Monday, July 2, 2012


Do you live in close proximity to UCLA?  Army of Women is helping Patricia Ganz recruit for a study.

There are a few rock stars studying chemobrain.  Patricia Ganz is absolutely on the short list.  This study is being conducted by her and will, I'm sure, build upon the information she has already gleaned from her previous work.

Last week, Idelle Davidson notified her readers that the study needs participants.  Here'e the information from the Army of Women website.  If you fit the criteria, might I suggest you have Army of Women connect you with the team at UCLA.  You won't be sorry.

I participated in a study at MSKCC one year ago.  It involved using a specific software program specially designed to train working memory.  Last week, I was provided with "extension study" for one year.  Twice a week, I will play four games in the CogMed training program.  The computer selects the games.  There are a total of twelve from which the computer will choose.  I presume there's some sort of crazy algorithm that selects the games based upon those from which I will derive the most benefit.

I finished the formal five week training last July.  I did my first extension training the other day.  I didn't do very well.  I can see my progress so I know exactly how far I had advanced.  I wonder how quickly I will catch up to where I was in July.

Eight Games A Week Is Not Enough To Fix My Brain.....

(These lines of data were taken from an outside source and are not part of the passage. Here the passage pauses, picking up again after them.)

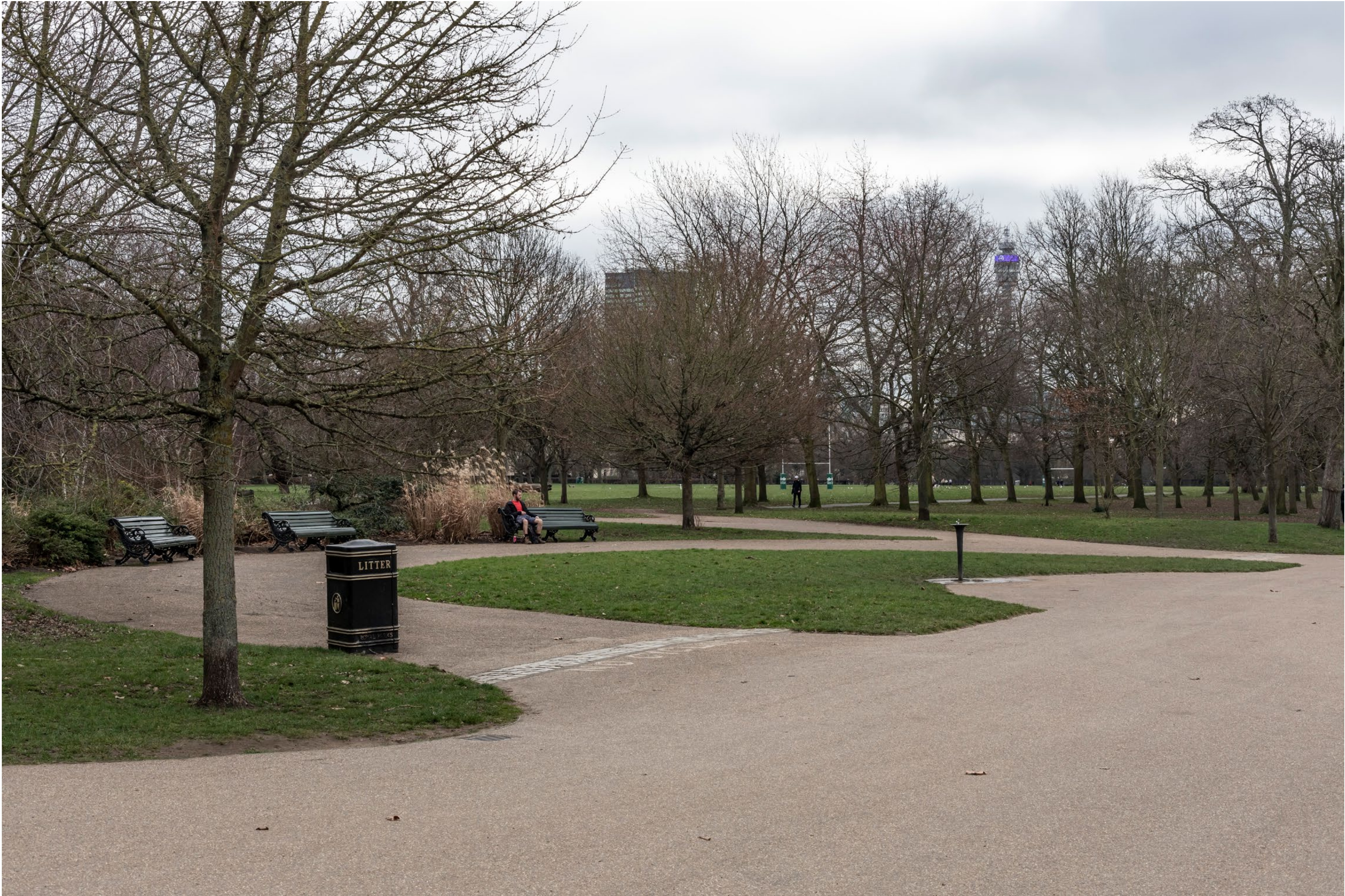
50mm – 19.8°
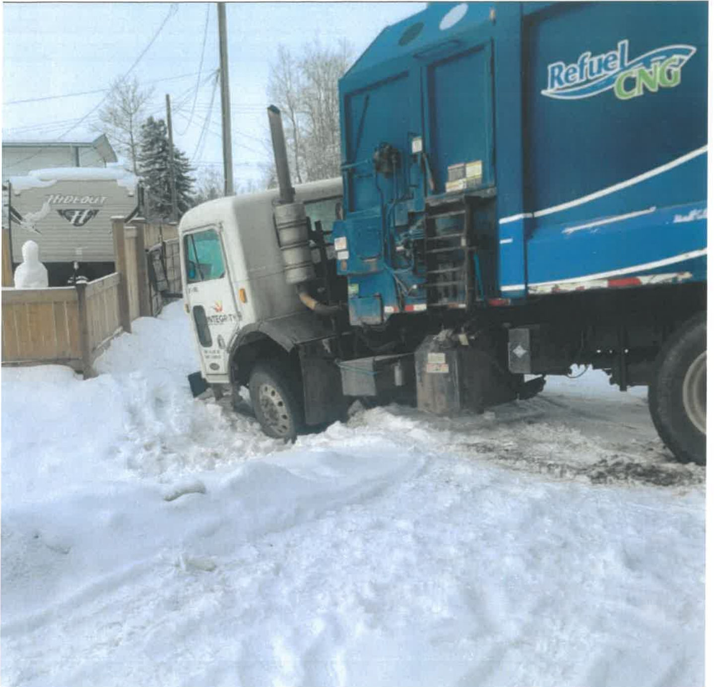
Alleyway to remain the same
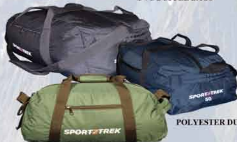
POLYESTER DUFFLE BAGS
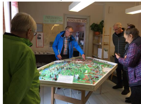
Elders visit Hembygdsområdet to research local history

Umeå University have completed development of the PLACE-EE Transnational Cultural Archive and the platform is now ready for content to be uploaded from each of the demonstrator areas. The archive will be ready to view online in early 2020 and details of how to access it will be included in the next issue of our newsletter.
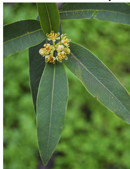
CALIFORNIA BAY (Umbellularia californica) Native Perennial - Laurel Family - (Nov-May) -Common. Canyons, valleys, chaparral - Tree < 150' tall. Leaf 1.2-4", 0.6-1.2" wide, aromatic. Cluster of 5-10 small, yellow or yellow-green flowers. Fruit 0.8-1" diam.
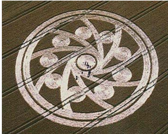
Nine whirling spokes around center ring reported at Woodborough Hill near Alton Barnes, Wiltshire, England on August 10, 2001.
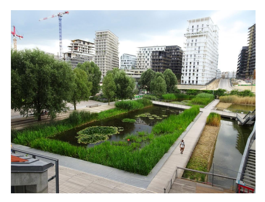
Figure 4. "Biotope" basin number 2 in Clichy-Batignolles, Paris.

The project was awarded a prize for environmental excellence by the Environment and Energy Management Agency (ADEME for its acronym in French) in the "Adaptation to climate change & regional development" category in January 2017 as well as the Construction 21 Network Sustainable City Grand Prize in November, 2016. For the purposes of this paper, it is used as an example of best practices for promoting the turquoise agenda. The risks that the Clichy-Batignolles project needed to take into account for the Parisian context included extreme heat waves as well as intense rain and drought (the temperature in Paris is usually 2.5 degrees Celsius hotter than in surrounding rural areas, going up to 8.5 degrees warmer in extreme heat waves). The report published by ADEME called "Taking climate change into account in an urban development project: the ÉcoQuartier of Clichy-Batignolles," describes some of Paris' vulnerabilities that came to light in an in-depth diagnosis performed in 2011-2013. These included increased risks of flooding and saturation of the sewer network as well as the potential scarcity of water, energy and food resources.<sup>6</sup> The city has made the ambitious choice to rely on the ecosystem services provided by the site to cool down urban spaces, cool down buildings, and optimize water management and to integrate the principle of sponge cities (Secchi & Viganò, 2011). In doing so, it makes the neighbourhood more resilient to flooding.
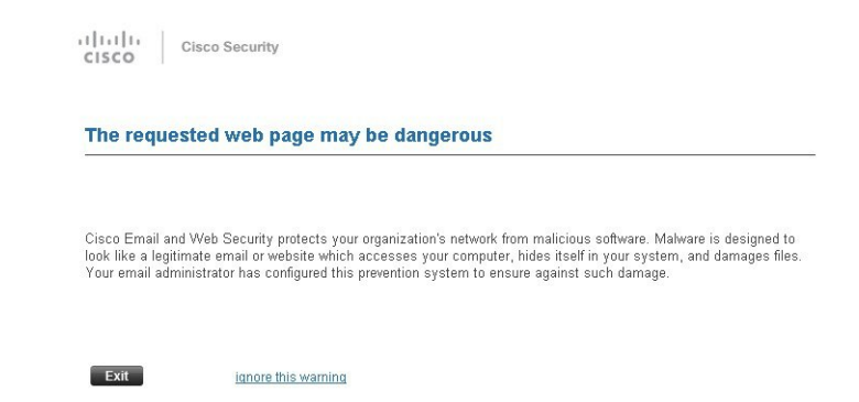
Figure 1: Cisco Security Splash Screen Warning (proxy_splash_screen)

The only way to access the Cisco web security proxy is through a rewritten URL in a message. You cannot access the proxy by typing a URL in your web browser.
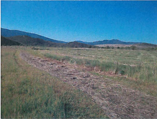
Figure 5: View from the Phase 3-4 area, south towards the Phase 1 process area.
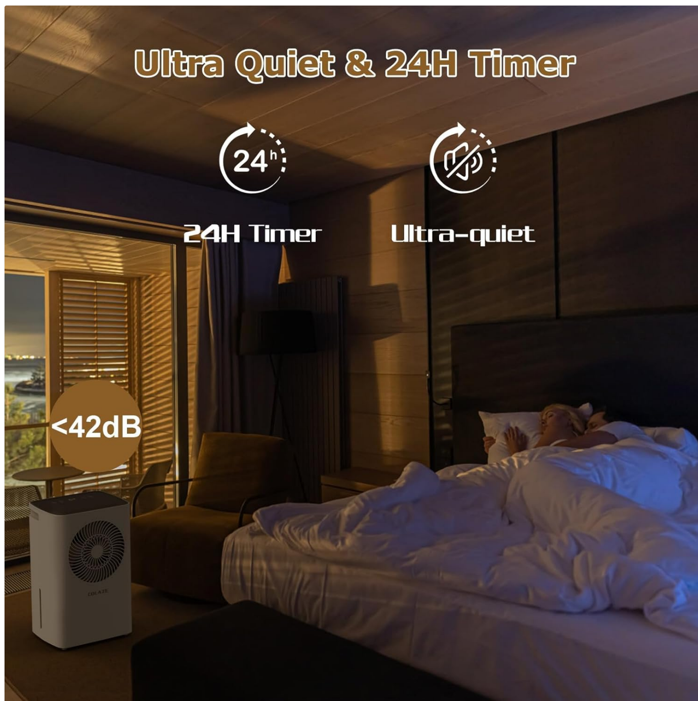
Figure 6: The dehumidifier operating in a bedroom, demonstrating its ultra-quiet operation (below 42dB) and 24-hour timer function, suitable for use during sleep.

Press the Speed button to switch between Low and High fan speeds. High speed provides faster dehumidification, while Low speed offers quieter operation.
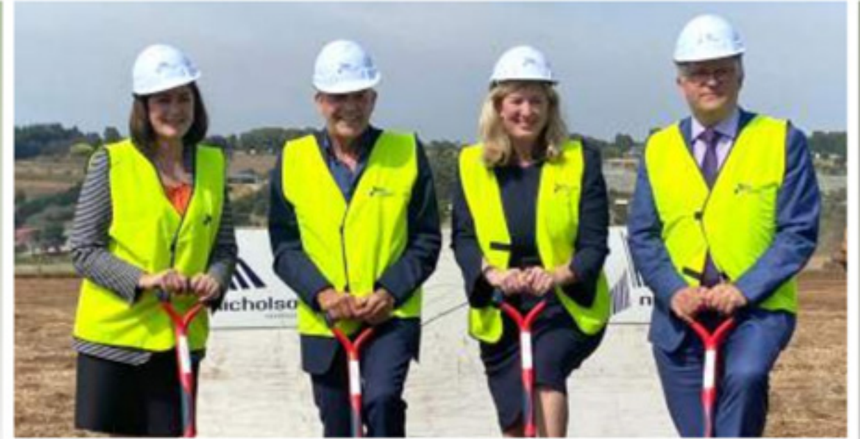
ANAM CARA HOSPICE CONSTRUCTION BEGINS
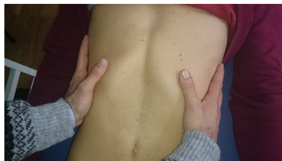
Figure 1 The hands must be gently placed on the lateral sides of the costal margins to receive palpation feedback of the costal behavior during breathing.

The patient is supine, in comfortable position. The first step deals with the assessment of the costal movement; this should consist of lateralization during inspiration, with a caudal direction, and the opposite during expiration. 44 In case of dysfunction of the diaphragm, this costal movement is usually limited. 45 The hands must be gently hold on the lateral sides of the costal margins, in order to have a palpatory feedback of the costal behavior during breathing (Figure 1).
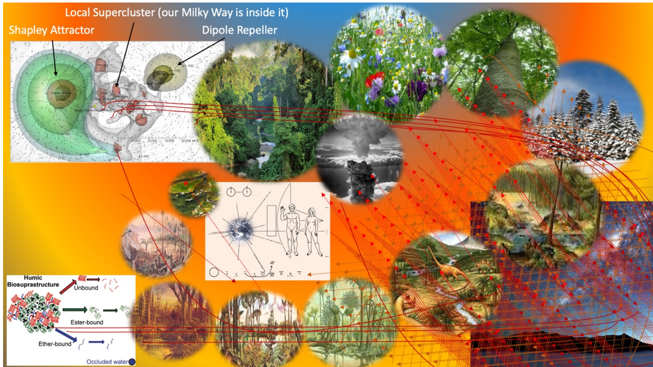
Figure 10. The figure illustrates the evolution of biodiversity on our planet. It develops between the molecular world of the organic substance in the soil and far away to the nearest galaxy clusters. The orange background corresponds to the threat of average rising air temperature. In the middle, the "Pioneer plaque" launched in 1972 by NASA in the space to indicate our position in the universe to other extraterrestrial living beings.

https://secure.avaaz.org/it/petition/Toshiro_Muto_Tokyo_Organising_Committee_of_the_Olympic_Games_2020_As_planet_Earth_citizens_will_you_stop_the_climate_fro/ .
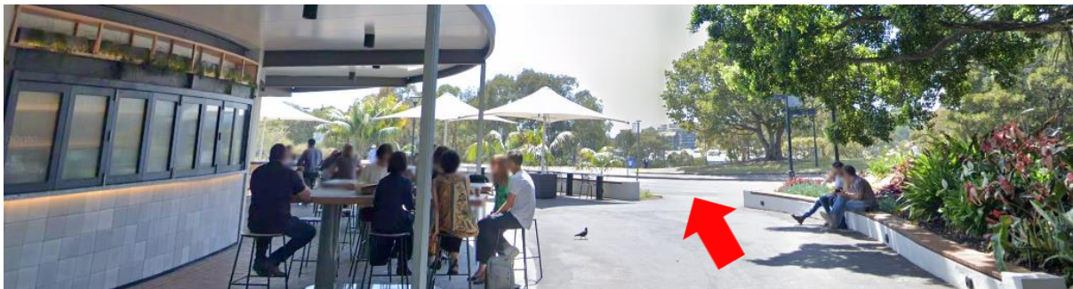
Turn left onto footpath along Art Gallery Road

Or maybe it is.  We shall see.  I'll let you know.  Meantime.... interested in seeing what Dr. Ganz has up her sleeve? Here's the basic information.  Remember, these are NOT intrusive studies.  They will require an element of time commitment but if I could get to UCLA, I'd be running...... Just sayin'


Project Title Breast Cancer Cognitive Rehabilitation Study
Researcher Patricia Ganz, MD, UCLA Jonsson Comprehensive Cancer Center, and Linda Ercoli, PhD, Steven Castellon, PhD, and Andrew Luechter, MD, UCLA Semel Institute
Study Summary The purpose of this study is to evaluate the effectiveness of a rehabilitation group intervention program for breast cancer survivors who are experiencing memory loss and concentration problems associated with cancer treatments. About 60 women will take part in the study.
Who Can Participate? You can sign up for the Breast Cancer Cognitive Rehabilitation Study if you meet ALL of these MAIN criteria:

• You are a woman between the ages of 21-65.
• You have been diagnosed with Stage I, II, or III breast cancer.
• You were diagnosed with breast cancer between 18 months and 5 years ago.
• You have completed your primary treatments (surgery and, if needed, radiation and/or chemotherapy), and are currently disease free (it is OK if you are on endocrine therapy, such as tamoxifen or an aromatase inhibitor).
• You do not have a personal history of any other cancer besides breast cancer.
• You are experiencing cognitive problems (for example, memory loss and concentration problems) that interfere with your everyday activities.
• You are able to read and write English.
• You live in the Los Angeles area and are willing and able to drive to UCLA to attend 5 weekly group sessions and participate in a pre-visit and two follow-up visits.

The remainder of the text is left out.